DPPH (2, 2 – diphenyl-1-picrylhydrazyl) free radical-scavenging activity was measured according to the method described by Xu et al. (2015). The 3.2 mL mixture [0.8 mL of DPPH (0.4 mmol/L) and 2.4 mL of the tested sample] was determined at 517 nm after standing 30 min in dark at room temperature.
Scavenging rate (%) = [A0 – (Ax –Ax0)] × 100/A0 (1)
A control contained all the reaction reagents except for the samples was prepared and measured as A0. Ax was the result of samples and Ax0 is the absorbance for background without DPPH.
ABTS•+ antioxidant assay was performed according to Guo’s method with some modification (Guo et al., 2012). The working solution was prepared by dilution of stable ABTS+ free radicals. The absorbance of the mixture (30 µL of the tested sample and 3.0 mL ABTS+ working solution) was determined at 734 nm after 6 min of incubation at room temperature.
Scavenging rate (%) = [A0 – (Ax –B)] × 100/A0 (2)
A control contained all the reaction reagents except for the samples was prepared and measured as A0. Ax was the result of samples and B is the absorbance for background without ABTS+ working solution.

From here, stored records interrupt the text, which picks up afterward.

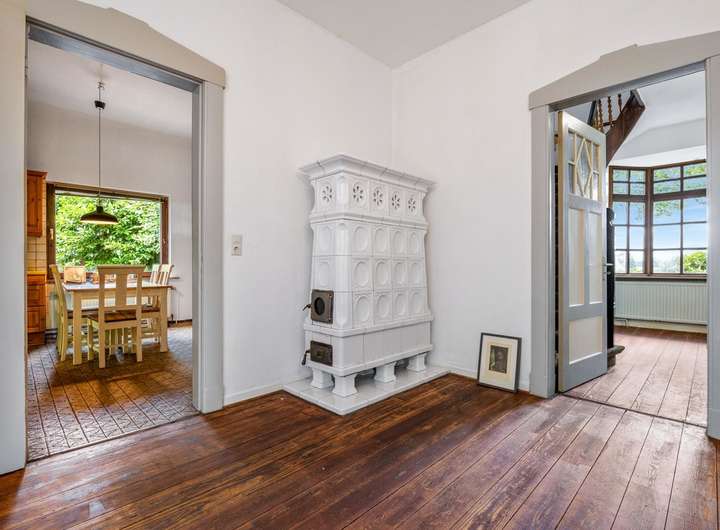 Die Hauptvilla aus dem Jahr 1870 verfügt über eine Wohnfläche von ca. 141 m², verteilt auf vier großzügige Zimmer. Sie wurde über die Jahre hinweg liebevoll gepflegt und instand gehalten, wobei stets darauf geachtet wurde, den originalen Charakter des Hauses zu bewahren. Die lichtdurchfluteten Räume, die beeindruckend hohen Decken sowie zahlreiche historische Details – viele davon über ein Jahrhundert alt – verleihen dem Haus einen besonderen Charme und eine gemütliche Atmosphäre.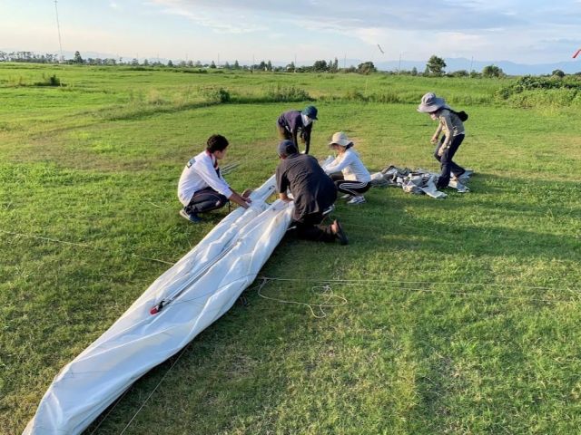 フライト後は、グライダーをスタート地点に戻す作業も体験の一部として行います。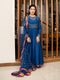 This Samandar article features a luxurious hand block print on the shirt and sleeves, paired with straight pants and a silk dupatta.
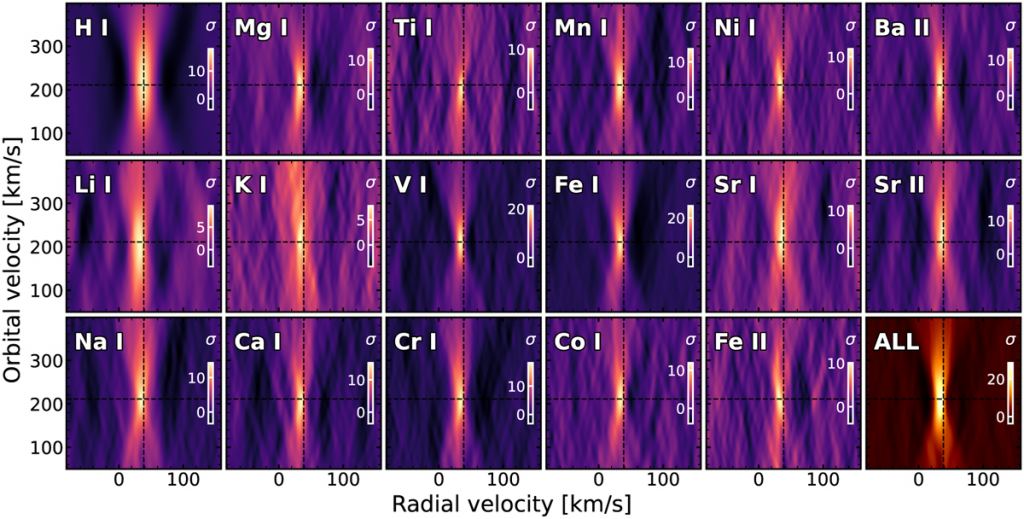 The study published in Astronomy and Astrophysics is also based on data from the VLT and ESPRESSO. It uncovered more details of Tylos' atmosphere, including its chemistry. "The transmission spectrum of WASP-121 b has been extensively studied using the cross-correlation technique, resulting in detections and confirmations for various atoms and ions, including H I, Mg I, Ca I, V I, Cr I, Fe I, Ni I, Fe II, Ca II, and K I, Ba II," the authors write. "We confirm all these detections and additionally report detections for Ti I, Mn I, Co I Sr I, and Sr II."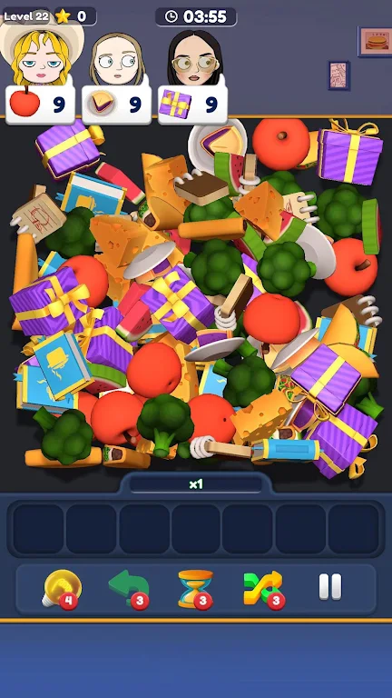 食物多重配对是一款兼具趣味性与挑战性的三消匹配消除闯关游戏。玩家将踏入美食的奇妙世界,通过匹配相同的食物来消除它们,以此获取高分并达成关卡目标。游戏中设置了多重配对的特色玩法,玩家需要在规定的步数内完成多个配对任务,以此考验自身的匹配技巧与策略思维。玩家还可以尝试不同的组合方式,借助道具和特殊食物来增强配对效果,从而提升游戏体验与乐趣。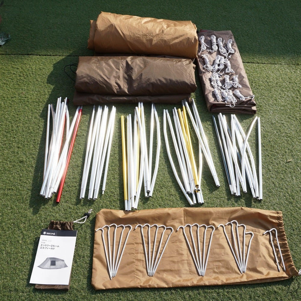 | 付属品 | 収納ケース ペグケース、説明書、フレームケース、ジュラルミンペグ22本(※内4本短いサイズになっております)、自在付ロープ16本(2.5m×8/1.5×m8) |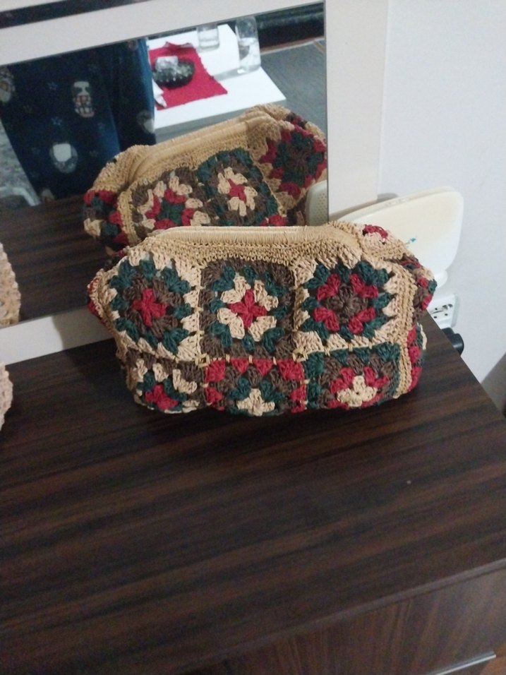 Nakışlı desenlere sahip, koyu çok renkli örgü bohem tarzda kadın portföy çanta. Rahat ve günlük kullanım için uygundur.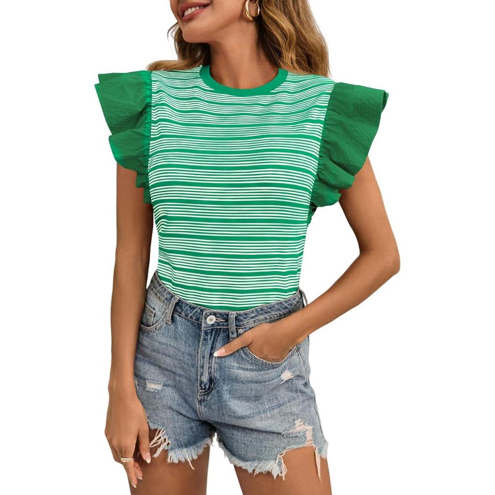 Tankaneo Womens Ruffle Striped Tank Tops Summer Crew Neck Sleeveless Shirts Loose Fit Dressy Casual Blouse(Green)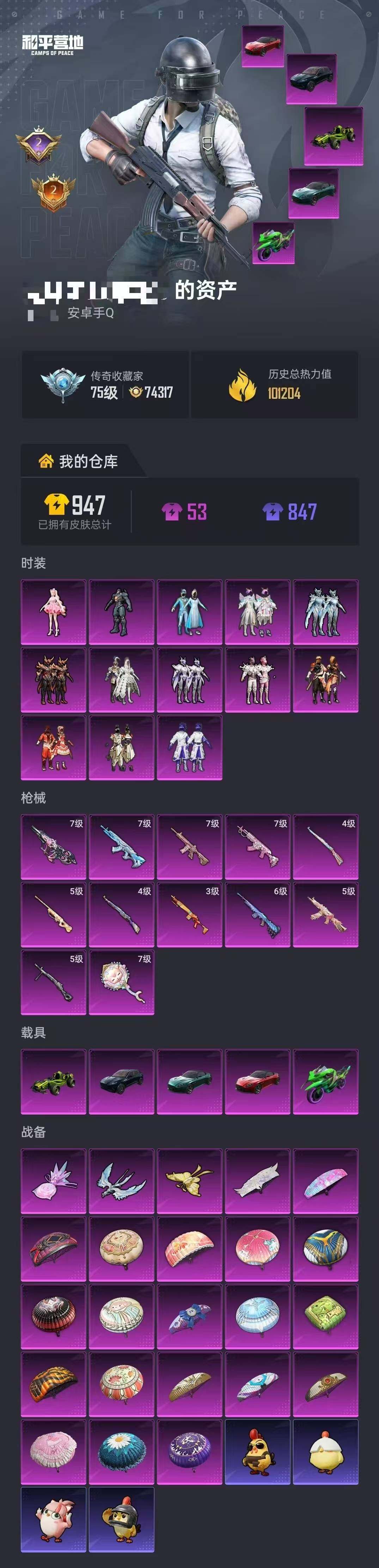 【钱包无法注销,不影响账号安全和游戏正常】时装数: 607 载具数: 5 枪械数: 240 战备数: 172 热门装扮: 奇异狩猎者,深海小丑鱼,梦魇先生,鹰眼刺客,锦绣火鲤,冰霜白皇,新星烈龙,扶摇飞仙,雪国幻梦,山涧鹿灵,烈焰拳霸,海渊国主,紫电风暴,赤焰黑爵,冷魅冰骑,复仇流浪者,浪客战士,银碳小老虎,暗夜魅影,樱桃泡泡 载具: 双人摩托-双刃魅影(绿),阿斯顿·马丁DBS(红),阿斯顿·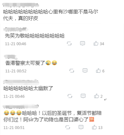 对于香港警方昨晚这波操作,大陆网友的评价是:“真的好皮”、“先笑为敬”“太可爱了”、阿sir为了劝降也是苦口婆心了。↓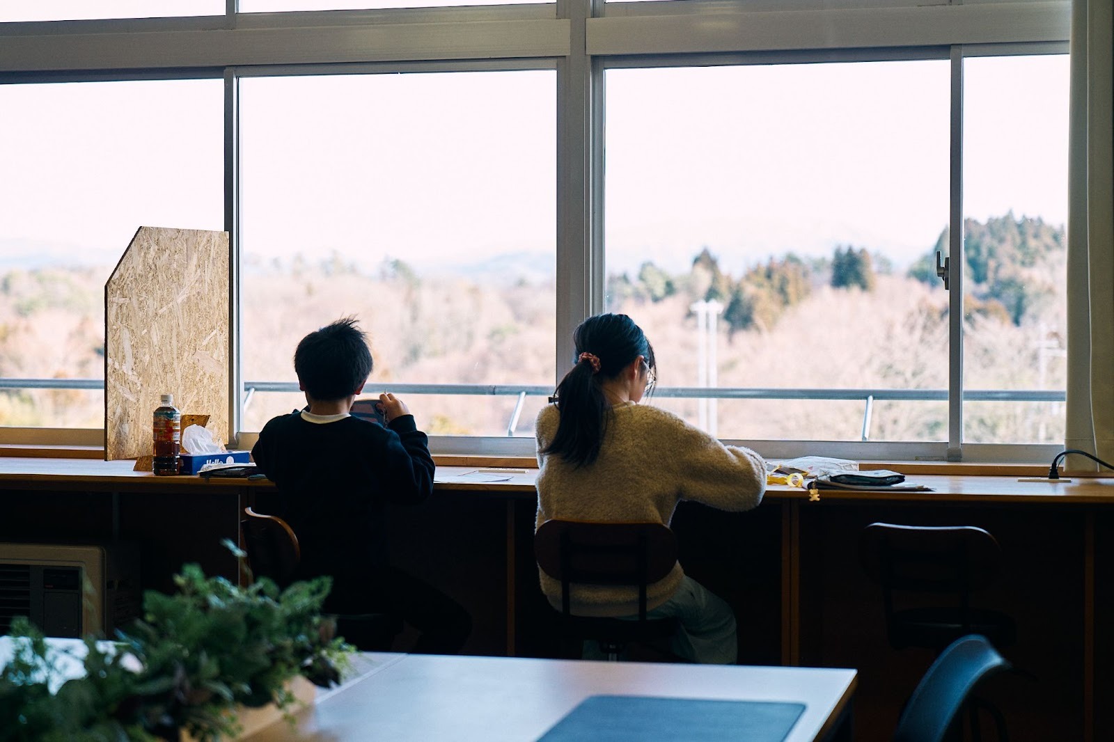 廃校となった旧石森小学校を活用した複合型テレワークセンター『terrace ishimori』のコワーキングスペースで、田村市在住の小学生と待ち合わせた。千葉県から福島県田村市へ移住してきた橋本姉弟は小学5年生のお姉ちゃんと、小学3年生の弟くんの二人組。両親とともに祖父母の家でのびのびと暮らしはじめて3年になる。船引小学校までの道のりを毎日歩いて通うのも、今ではすっかり日常だ。自然に囲まれた暮らしの中で育っている二人の“好き”を通して、このまちの魅力に触れてみた。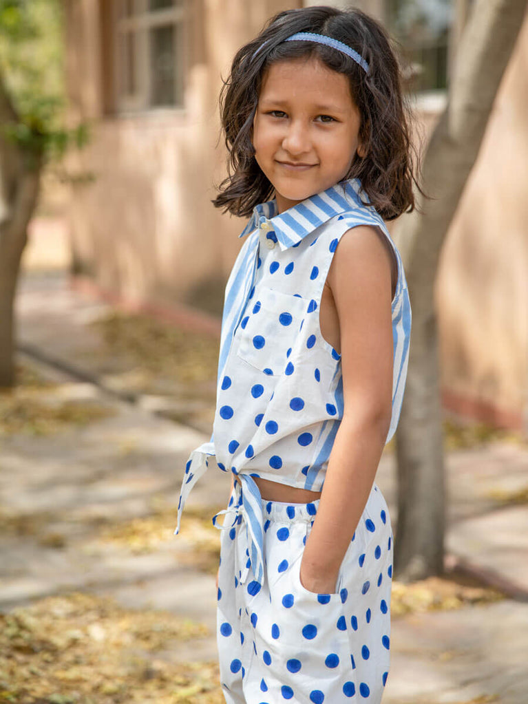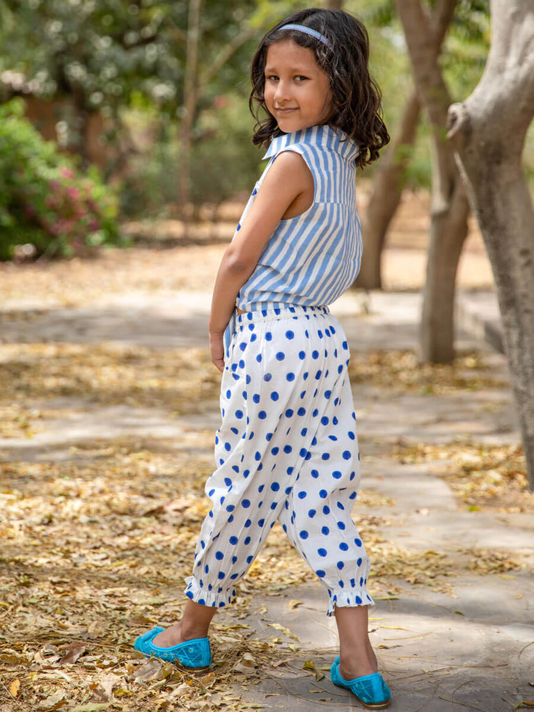 Set of 2 - Polka Dots Organic Cotton Block Printed Top & Pants Set
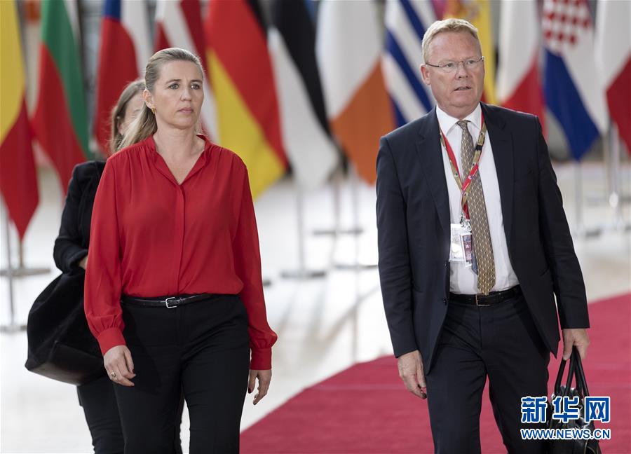 7月2日,在位于比利时布鲁塞尔的欧盟总部,丹麦首相梅特·弗雷泽里克森(左)准备出席欧盟峰会。新华社发(莫纳斯摄)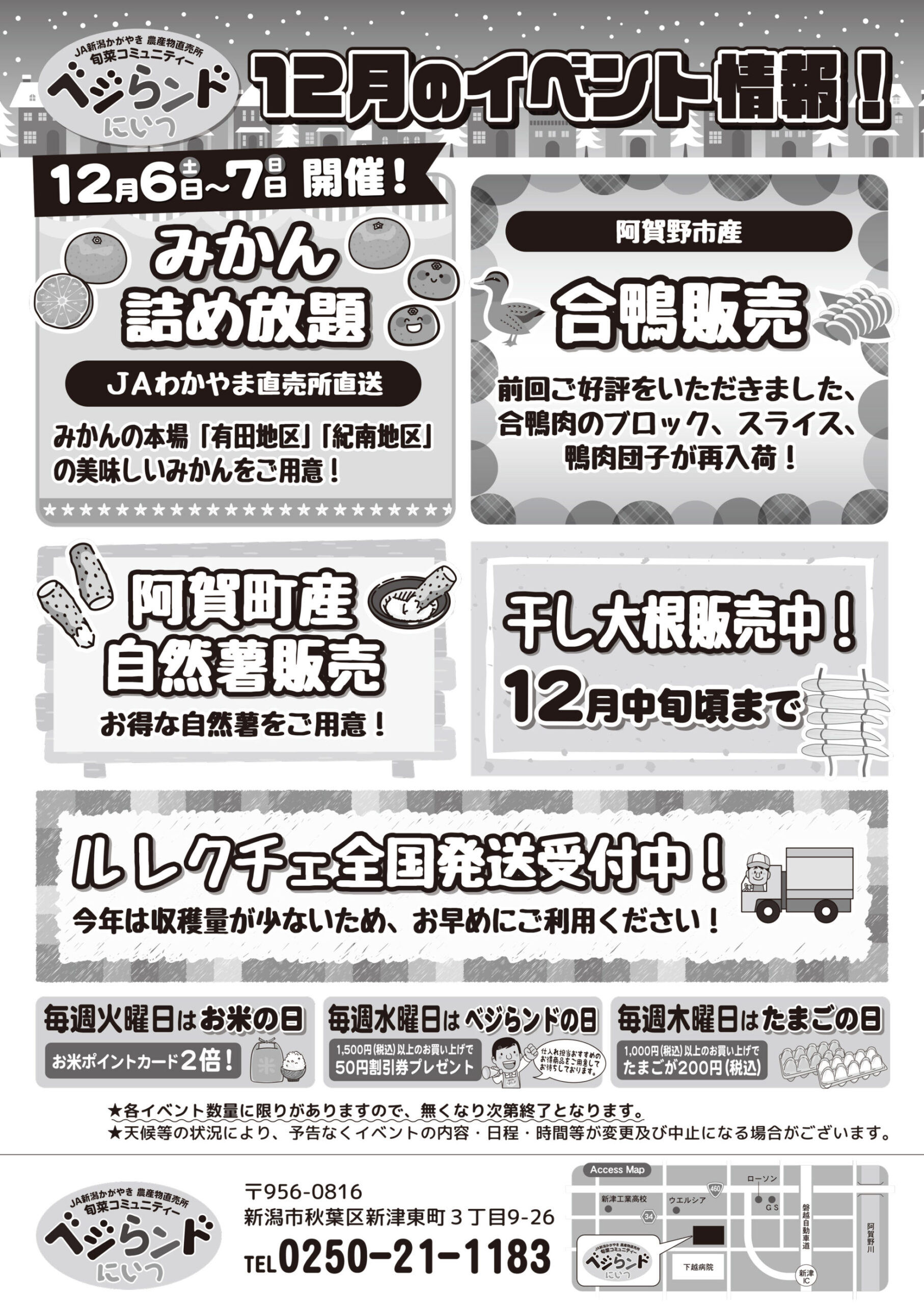 JA新潟かがやき 【ベジらンドにいつチラシ】12月のイベント情報! 掲載期間:2025年12月6日〜2025年12月31日 新潟市 生活サービス 画像をクリックして拡大 prev next セール・新店情報を見逃さない! ガタチラをホーム画面に追加して、 最新情報をすぐチェック▶追加方法はかんたん♪ 関連 みかんの詰め放題やりたいわ~♪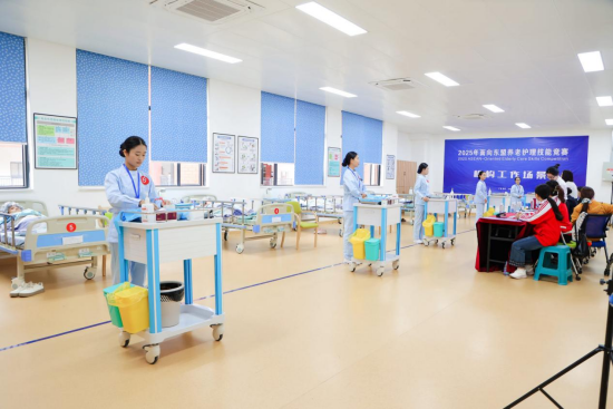 12月20日,竞赛正式拉开帷幕。作为专项赛,本次竞赛设成人组、学生组,以养老护理员职业技能为核心,结合行业发展需求设置家庭照护工作场景、社区工作场景、机构工作场景,考核内容涵盖生活照护、基础照护、康复服务、心理支持、安全照护、感染防护等关键模块,全面检验选手专业能力与职业素养。赛场上,中外选手耐心细致地完成各项操作,用专业服务诠释 “尊老敬老爱老” 理念,赢得评委一致认可。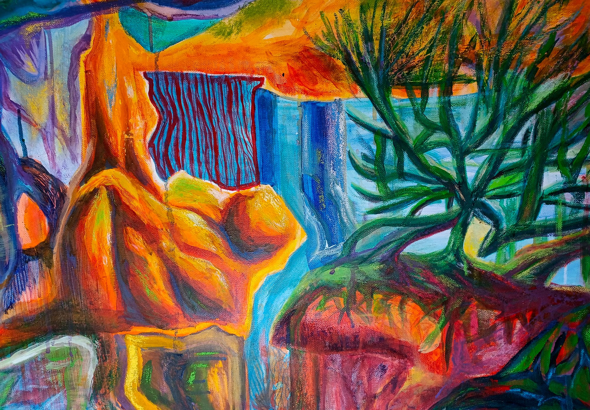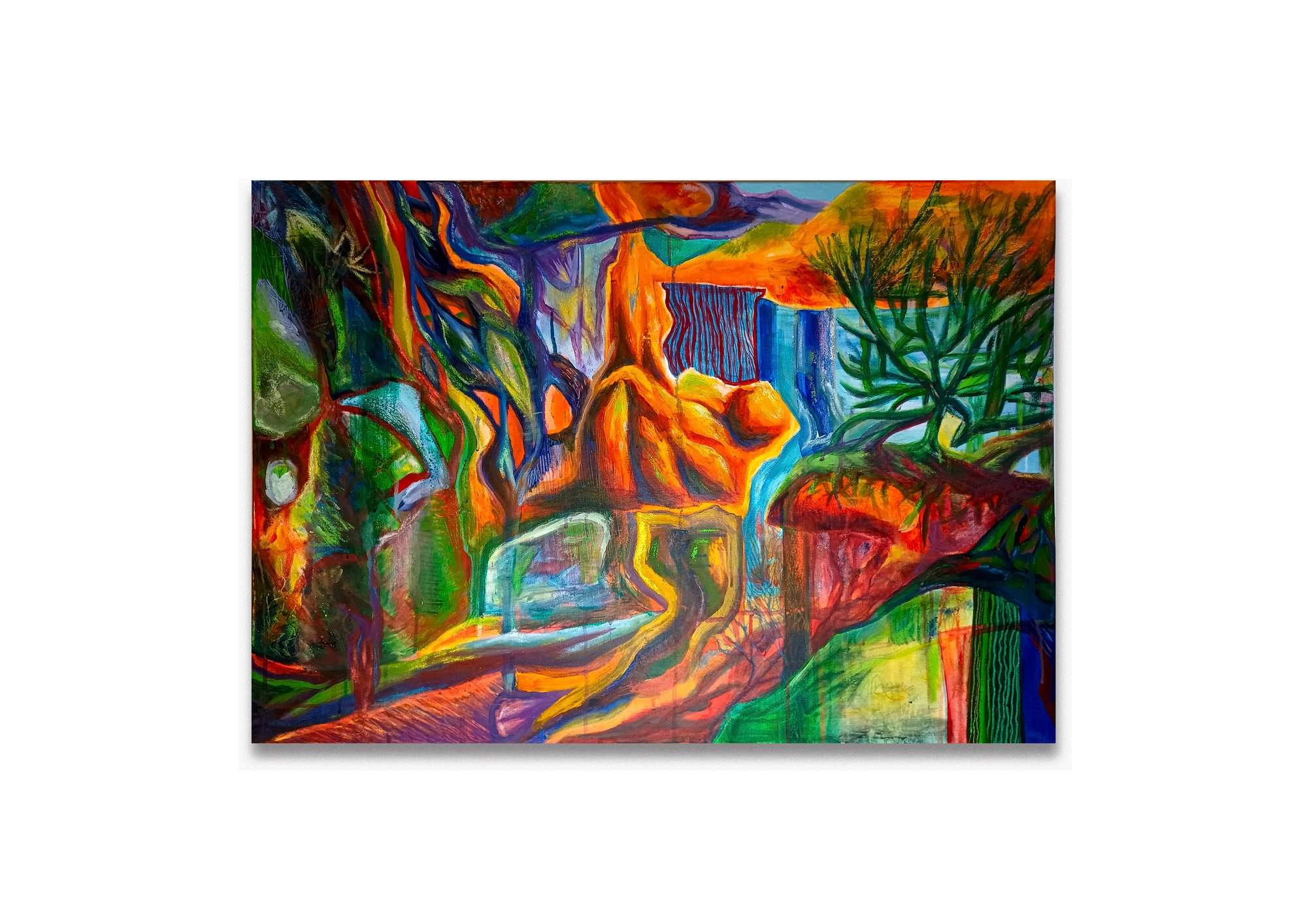 Peinture acrylique, pastel et crayons de couleurs sur toile, 65 x 91 cm, 2025 / Acrylic paint, pastel and colored pencils on canva, 65 x 91 cm, 2025

Hydroxyl radical-scavenging activity was determined according to the salicylic method (Xu et al., 2011). The 4 mL final volume reaction mixture contained 1 mL tested sample, 1 mL FeSO4 (9 mmol/L), 1 mL salicylic (9 mmol/L) and 1 mL H2O2 (8.8 mmol/L). After 60 min reaction at 37°C, the mixture was centrifuged at 10,000 g for 8 min. The absorbance of the reaction solutions was measured at 510 nm.
Scavenging rate (%) = [A0 – (Ax – C)] × 100/A0 (3)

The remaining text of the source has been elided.